Found this enchantress planter with original flowers at an antique store last weekend, didnt buy it because it was at the end of my antique store spree and I didnt have the cash to get it then and there. Its still there but I wanted to know if its worth it to get it and top off the liquid? They want $35 for it but the water is at half and there seems to be a streak of wax on the inside of the globe that runs vertical about half way up the glass (not visible in this picture)... The tag says "runs great" haha!
Can these be topped off with regular distilled water? I know the yellow tint might become less yellow if I just add plain water. Otherwise I recall reading that the older lamps had "propylene glycol" in them.... Should I use that? Is it easy to find in small amounts for just this purpose?
Since the globe is only half full I would definitely offer them less, $20 to $25. But still if you want one like this $35 isn't a deal breaker if the base isn't banged up. The flowers are original and rare so that adds value. You may be able to refurbish with propylene glycol and distilled water, or you may have to use another method. One thing to keep in mind, if you goo-kit one of your centuries you can try using that fluid to fix this one. Just empty the fluid and save in an air-tight container then transfer the fluid from the donor lamp.

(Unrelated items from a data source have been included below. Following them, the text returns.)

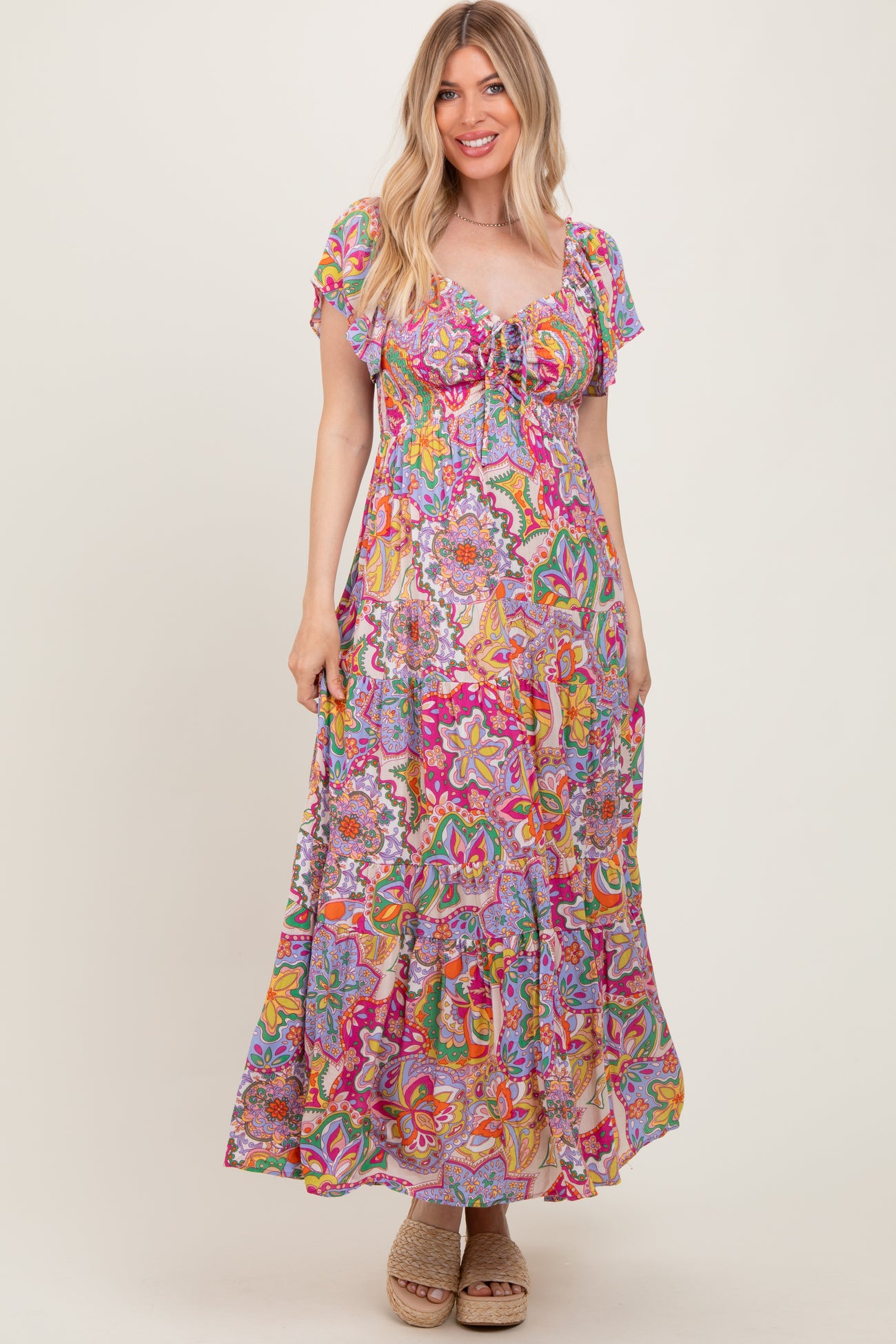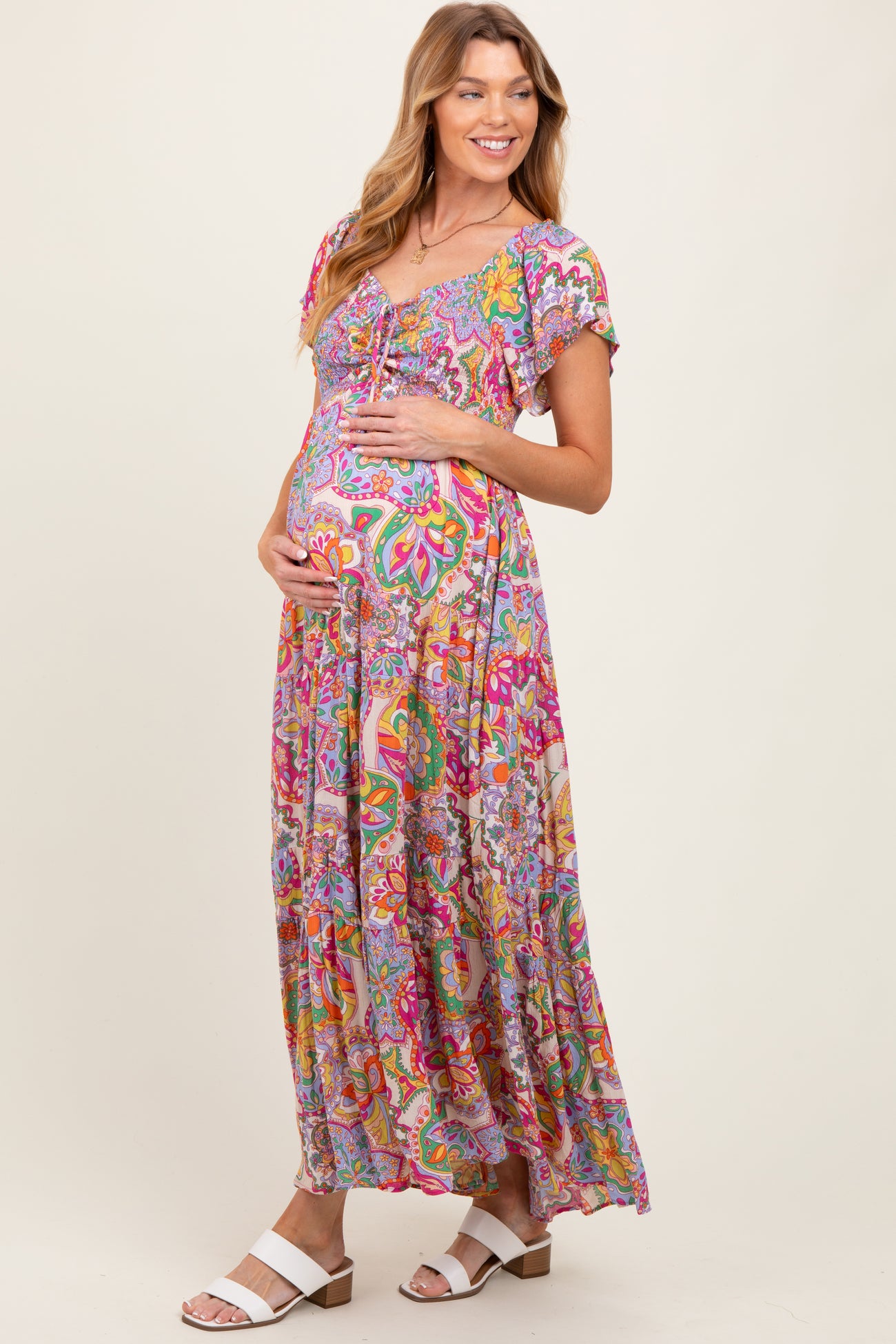Lavender Floral Paisley Smocked Tiered Maternity Maxi Dress
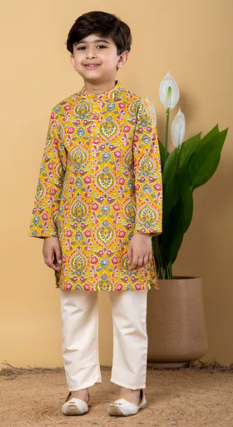 Fresh, cheerful, and effortlessly stylish — this Yellow Cotton Kurta with delicate floral prints paired with Off-White Pants makes for the perfect ethnic outfit i.
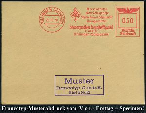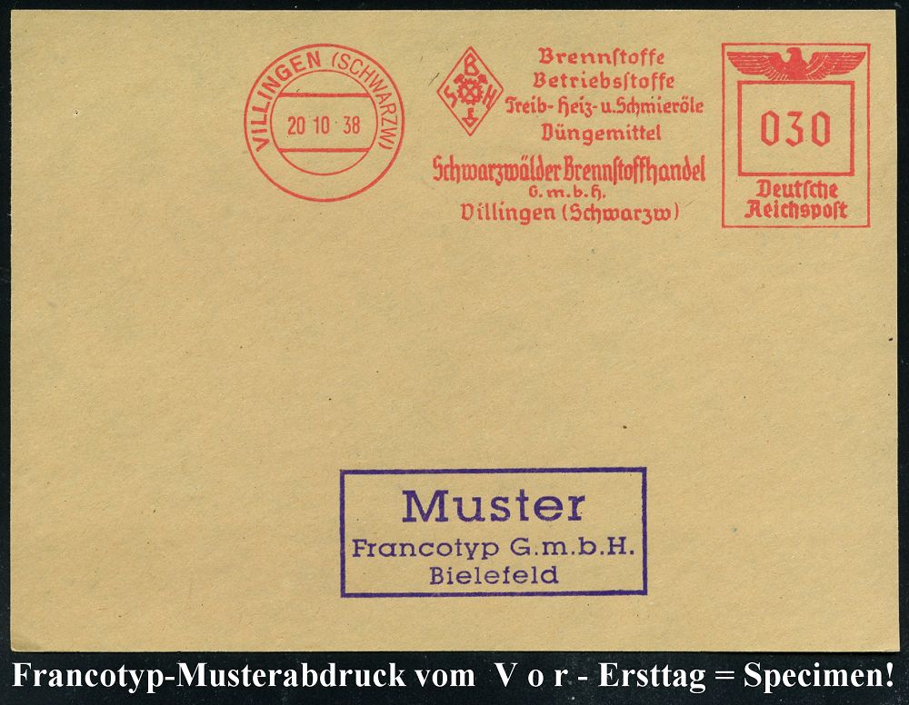 5539 | 35 € | POSTLEITRAUM 7700 (OHNE SINGEN) : VILLINGEN (SCHWARZW)/ Brennstoffe/ Betriebsstoffe/ ..Düngemittel/ Schwarzwälder Brennstoffhandel.. 1938 (20.10.) AFS-Musterabdruck Francotyp "Reichsadler" (Firmen-Logo) glasklar gest. Francotyp-Musterblatt vom V o r - Ersttag ! (mit Attest), selten! (Dü.E-5CGo) | ![]() ![]() | |

I'd say offer $25, or even $20. And yes, great plan: try that blue Century's liquid in this, if you goo-kit or refill the Century. Just make sure you leave at least a 3/4" gap below the cap edge, and be sure the rubber disk up inside the cap is centered before you screw it back on. The Century may have a disk, a rubber ring, or no gasket.
I'd say $25, tops. With the liquid missing, you're in for some experimenting. I don't know if you can top off THAT much liquid with distilled.